**AIM OF THE TASK**
Print the whole listing below exactly as given, pictures excluded.

**GIVEN ENTRIES**
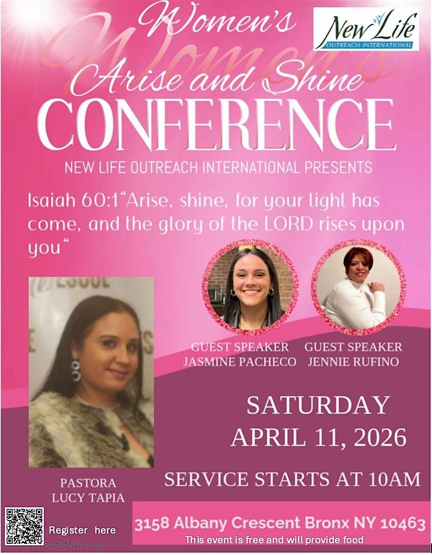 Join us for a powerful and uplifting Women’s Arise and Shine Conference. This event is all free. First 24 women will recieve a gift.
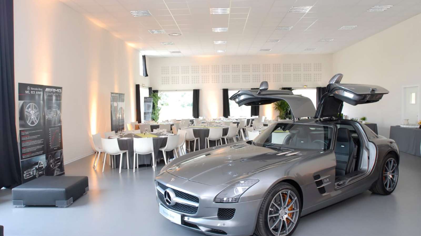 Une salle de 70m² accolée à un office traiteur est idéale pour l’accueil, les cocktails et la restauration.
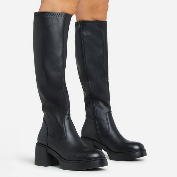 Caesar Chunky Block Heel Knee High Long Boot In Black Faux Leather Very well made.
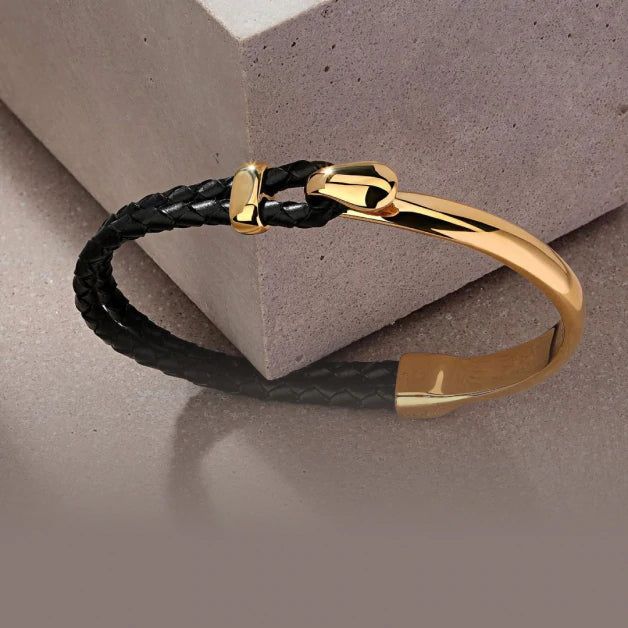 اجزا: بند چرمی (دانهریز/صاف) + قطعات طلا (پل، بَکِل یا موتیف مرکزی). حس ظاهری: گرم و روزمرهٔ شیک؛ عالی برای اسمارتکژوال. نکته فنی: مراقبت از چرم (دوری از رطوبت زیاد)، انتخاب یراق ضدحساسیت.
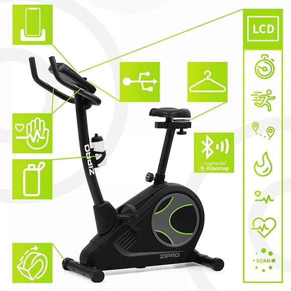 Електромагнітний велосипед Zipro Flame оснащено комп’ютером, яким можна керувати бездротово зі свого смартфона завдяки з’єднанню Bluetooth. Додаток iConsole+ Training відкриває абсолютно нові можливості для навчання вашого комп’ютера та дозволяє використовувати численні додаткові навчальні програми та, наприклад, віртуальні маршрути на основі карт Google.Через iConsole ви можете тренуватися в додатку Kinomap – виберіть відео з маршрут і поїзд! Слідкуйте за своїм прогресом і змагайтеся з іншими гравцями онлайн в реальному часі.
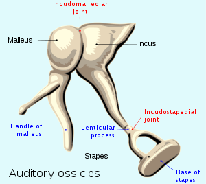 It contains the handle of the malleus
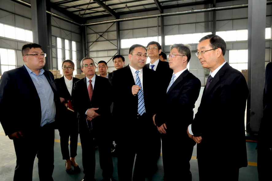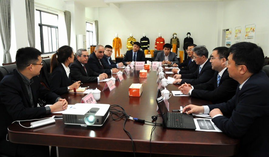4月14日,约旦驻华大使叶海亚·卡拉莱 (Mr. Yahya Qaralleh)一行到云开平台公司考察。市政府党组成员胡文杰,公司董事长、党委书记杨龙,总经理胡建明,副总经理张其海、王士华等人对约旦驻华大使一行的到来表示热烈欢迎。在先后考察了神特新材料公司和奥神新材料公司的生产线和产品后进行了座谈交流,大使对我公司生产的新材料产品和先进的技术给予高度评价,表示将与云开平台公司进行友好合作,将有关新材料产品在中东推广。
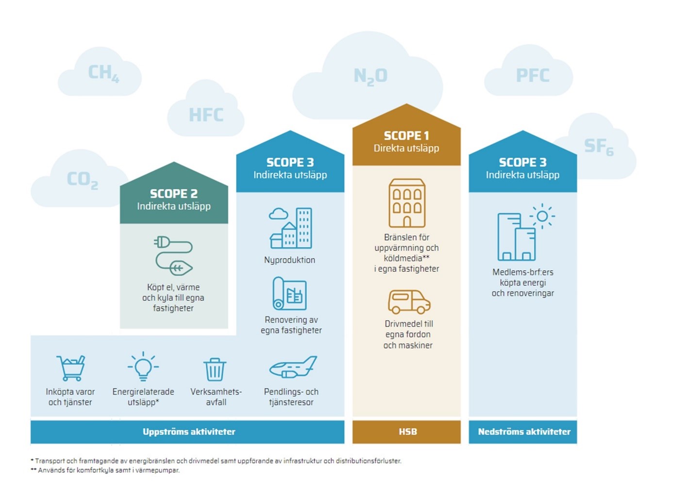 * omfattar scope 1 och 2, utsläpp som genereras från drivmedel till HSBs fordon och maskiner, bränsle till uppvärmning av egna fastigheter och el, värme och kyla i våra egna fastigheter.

**RESPONSE TO THE TASK**
 Join us for a powerful and uplifting Women’s Arise and Shine Conference. This event is all free. First 24 women will recieve a gift.
 Une salle de 70m² accolée à un office traiteur est idéale pour l’accueil, les cocktails et la restauration.
 Caesar Chunky Block Heel Knee High Long Boot In Black Faux Leather Very well made.
 اجزا: بند چرمی (دانهریز/صاف) + قطعات طلا (پل، بَکِل یا موتیف مرکزی). حس ظاهری: گرم و روزمرهٔ شیک؛ عالی برای اسمارتکژوال. نکته فنی: مراقبت از چرم (دوری از رطوبت زیاد)، انتخاب یراق ضدحساسیت.
 Електромагнітний велосипед Zipro Flame оснащено комп’ютером, яким можна керувати бездротово зі свого смартфона завдяки з’єднанню Bluetooth. Додаток iConsole+ Training відкриває абсолютно нові можливості для навчання вашого комп’ютера та дозволяє використовувати численні додаткові навчальні програми та, наприклад, віртуальні маршрути на основі карт Google.Через iConsole ви можете тренуватися в додатку Kinomap – виберіть відео з маршрут і поїзд! Слідкуйте за своїм прогресом і змагайтеся з іншими гравцями онлайн в реальному часі.
 It contains the handle of the malleus
4月14日,约旦驻华大使叶海亚·卡拉莱 (Mr. Yahya Qaralleh)一行到云开平台公司考察。市政府党组成员胡文杰,公司董事长、党委书记杨龙,总经理胡建明,副总经理张其海、王士华等人对约旦驻华大使一行的到来表示热烈欢迎。在先后考察了神特新材料公司和奥神新材料公司的生产线和产品后进行了座谈交流,大使对我公司生产的新材料产品和先进的技术给予高度评价,表示将与云开平台公司进行友好合作,将有关新材料产品在中东推广。
 * omfattar scope 1 och 2, utsläpp som genereras från drivmedel till HSBs fordon och maskiner, bränsle till uppvärmning av egna fastigheter och el, värme och kyla i våra egna fastigheter.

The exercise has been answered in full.